[INPUT DATA]:
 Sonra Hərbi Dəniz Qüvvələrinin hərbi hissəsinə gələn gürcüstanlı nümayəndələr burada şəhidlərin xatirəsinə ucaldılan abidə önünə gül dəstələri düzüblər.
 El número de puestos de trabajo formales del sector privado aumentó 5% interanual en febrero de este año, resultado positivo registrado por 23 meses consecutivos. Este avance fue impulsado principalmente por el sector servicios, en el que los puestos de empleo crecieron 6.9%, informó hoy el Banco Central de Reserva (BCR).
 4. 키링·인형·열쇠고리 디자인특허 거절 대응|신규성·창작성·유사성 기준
--
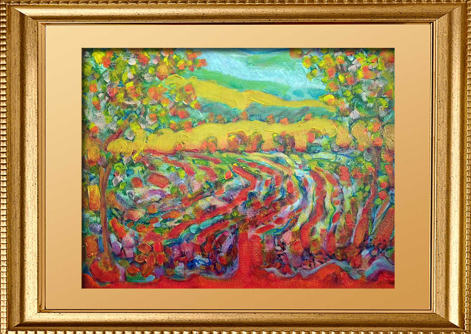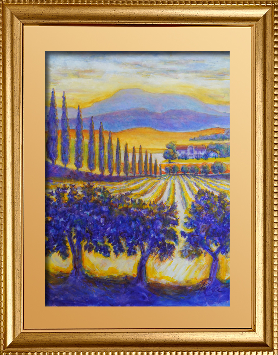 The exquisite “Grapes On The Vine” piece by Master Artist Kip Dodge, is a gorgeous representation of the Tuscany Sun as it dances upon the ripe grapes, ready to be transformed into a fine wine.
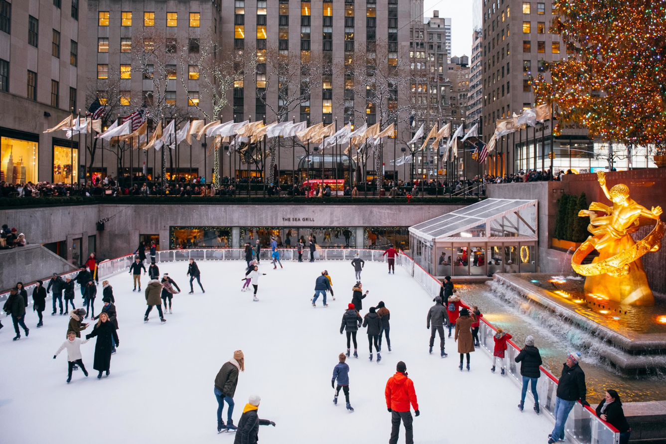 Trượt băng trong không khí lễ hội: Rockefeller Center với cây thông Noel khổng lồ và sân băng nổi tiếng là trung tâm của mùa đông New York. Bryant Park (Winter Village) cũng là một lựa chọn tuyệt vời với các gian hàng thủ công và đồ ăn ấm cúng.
--
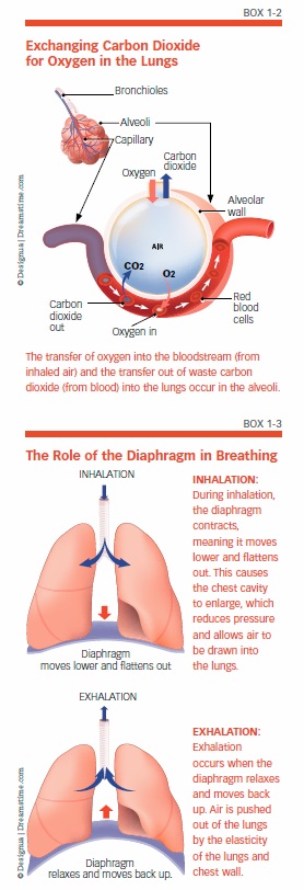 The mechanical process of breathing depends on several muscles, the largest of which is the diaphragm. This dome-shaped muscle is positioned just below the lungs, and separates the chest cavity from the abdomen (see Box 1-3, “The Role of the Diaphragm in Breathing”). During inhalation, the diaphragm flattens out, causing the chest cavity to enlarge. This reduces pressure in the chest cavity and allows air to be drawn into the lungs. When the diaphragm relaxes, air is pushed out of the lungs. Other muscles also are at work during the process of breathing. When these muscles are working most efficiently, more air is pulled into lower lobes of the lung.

[ABOUT THIS EXERCISE]: Of the entries above, repeat exactly the lines from the line with "Sonra Hərbi Dəniz" through the line with "4. 키링·인형·열쇠고리 디자인특허 거절 대응|신규성·창작성·유사성 기준", both of them included.

[EXERCISE ANSWER]:
 Sonra Hərbi Dəniz Qüvvələrinin hərbi hissəsinə gələn gürcüstanlı nümayəndələr burada şəhidlərin xatirəsinə ucaldılan abidə önünə gül dəstələri düzüblər.
 El número de puestos de trabajo formales del sector privado aumentó 5% interanual en febrero de este año, resultado positivo registrado por 23 meses consecutivos. Este avance fue impulsado principalmente por el sector servicios, en el que los puestos de empleo crecieron 6.9%, informó hoy el Banco Central de Reserva (BCR).
 4. 키링·인형·열쇠고리 디자인특허 거절 대응|신규성·창작성·유사성 기준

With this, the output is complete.